When users deposit USDC to trade perpetuals on Hyperliquid, that USDC sits as collateral against open positions. With roughly $5 billion of USDC currently on the platform, those reserves earn a meaningful amount of yield (3.5-4% at current rates), and a share of that yield (90%) flows to the AF, where it is converted into HYPE buybacks via the same mechanism described above.

USDH, a stablecoin issued by Native Markets, was the original AQA deployer when the framework launched in September 2025. It never gained meaningful traction. By May 2026, USDH supply had stalled at around $100m while USDC on Hyperliquid had grown to over $5B. Coinbase has since taken over as the official AQA treasury deployer for USDC, with USDH being gradually wound down.

At current rates, the AQA layer contributes approximately $140m-160m per year to the buyback. This revenue line is dependent on interest rates and the outstanding USDC supply on Hyperliquid, both of which we model in detail later. 

A last mechanism that affects the supply side is staking tiers. Users that stake HYPE on the platform can earn discounts on fees depending on the amount staked, ranging from 5% at the lowest tier to 40% at the highest. 

hyperliquid primer table 2The mechanism creates natural alignment. The traders generating the most fees on the platform are the same traders with the most reason to stake the largest amounts of HYPE, which locks supply away from the tradable float. Stakers also earn ~2.1% APY in HYPE rewards on top of the fee discount. Unlike the AF burn, staked HYPE is recoverable (subject to a 7-day unstaking period), so this does not technically remove tokens from circulating supply, but the reduction in tradable float still amplifies price sensitivity to any incremental buying. 

Acknowledging the other side of the supply story, the tokenomic structure is as follows:

Total Supply: 1,000,000,000 HYPE (1 billion, fixed)

Future Emissions and Community Rewards: 388.88m (38.8%)

Reserved for future community incentives

Initial Genesis Airdrop: 310m tokens (31%)

Fully unlocked

Current and Future Core Contributors: 238m tokens (23.8%)

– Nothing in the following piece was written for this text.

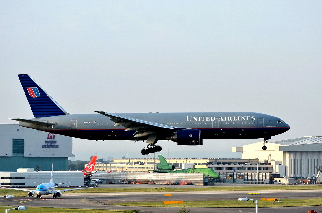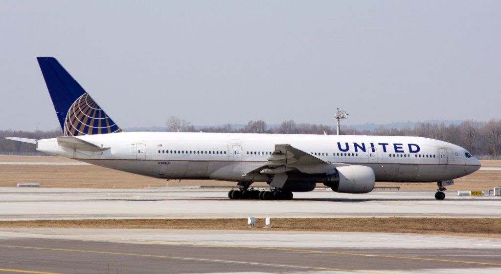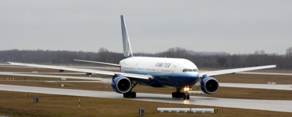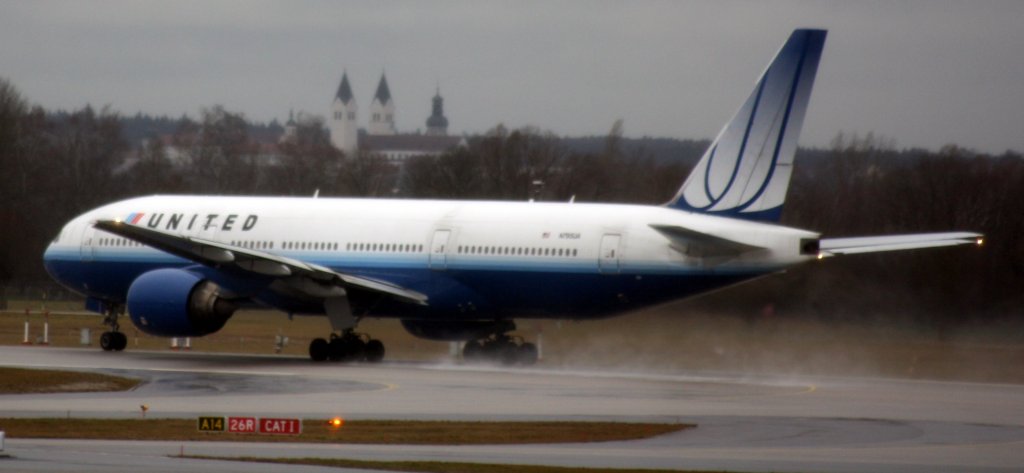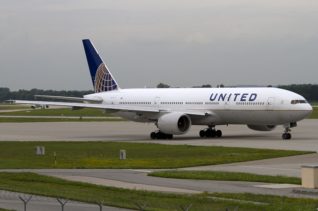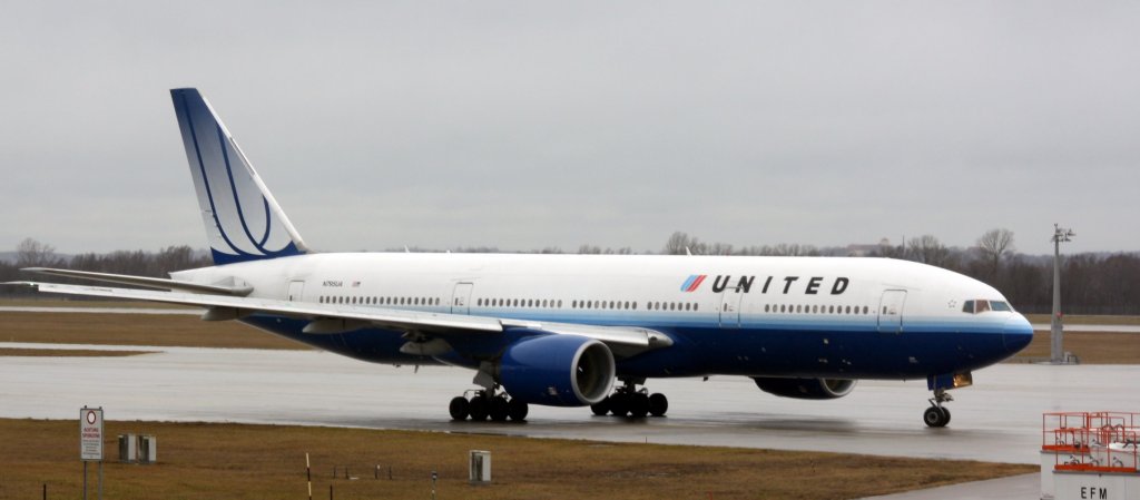 United Airlines, N796UA, Boeing 777-222/ER. Alle Fotos dieser kleinen Serie sind aus dem Fenster des Holiday Inn Hotels am frühen Morgen gemacht. 31.7.2011 Jürgen Walter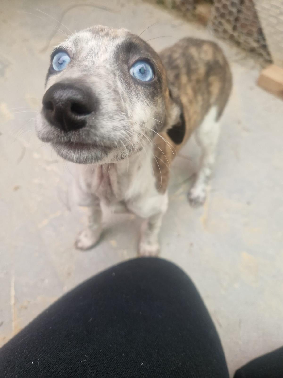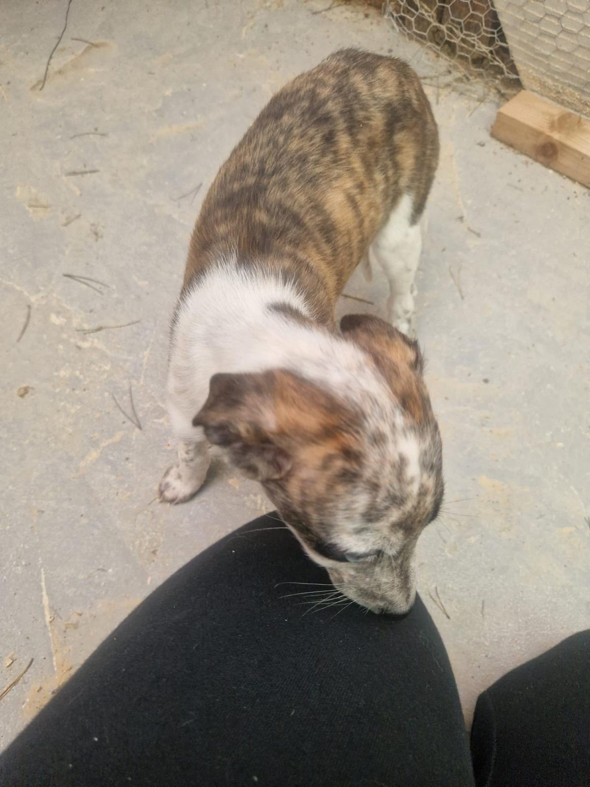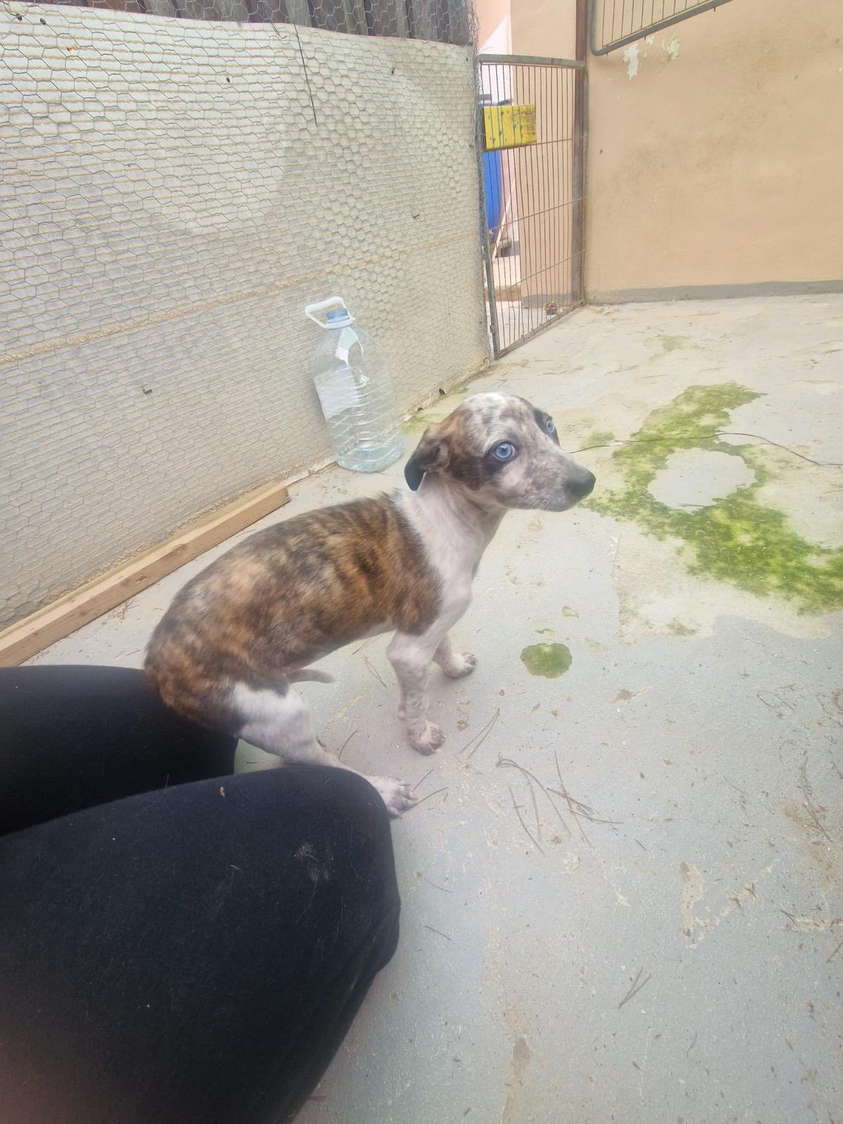 J.J. is een galgomix pupje van ongeveer 7 weken oud dat vorige week samen met haar mama en twee zusjes is gevonden in een veld in Spanje. Eerst werd mama gevonden met één van de pups, maar gelukkig gingen de rescuers de volgende dag terug en vonden ze de andere twee!

Team allocation, 1-year cliff post-TGE, then vesting through 2027-2028, some beyond

Hyper Foundation Budget: 60m tokens (6%)

Fully unlocked

Community Grants: 3m tokens (0.3%)

Fully unlocked

HIP-2 (a marginal allocation tied to the HIP-2 spot AMM mechanism ): 120k tokens (0.012%)

Fully unlocked

Another rarity in the midst of the crypto-sphere is that there was absolutely zero allocation to VC, private investors, centralized exchanges or market makers. This is strong not only from a narrative perspective, but it meant the launch of the token was fair, rewarding early users of the platform and allowing for natural price discovery. This also matters analytically. With no VC, no private investors and no exchange listings to pay for, the only insider supply that can hit the market is the team allocation discussed below. 

The team allocation, which began vesting after the one year cliff post-TGE, is the most obvious source of supply overhang. On paper, roughly 9.9 million HYPE per month was expected to enter circulation through linear vesting over 24 months. In reality, the actual distributions to team members have come in materially lower than the on-paper schedule:

  • December 2025: 1.75m HYPE

  • January 2026: 1.2m HYPE

  • February 2026: 140k HYPE

  • March 2026: 173k HYPE

  • April 2026: 333k HYPE

The vesting contract releases its scheduled amount, but the team has consistently chosen to re-stake, hold or otherwise not distribute the bulk of what becomes technically available. Co-founder Iliensinc confirmed in late December that the team formalised a "6th of each month, if any" cadence, with the implicit caveat that the size of each distribution is discretionary rather than mechanical.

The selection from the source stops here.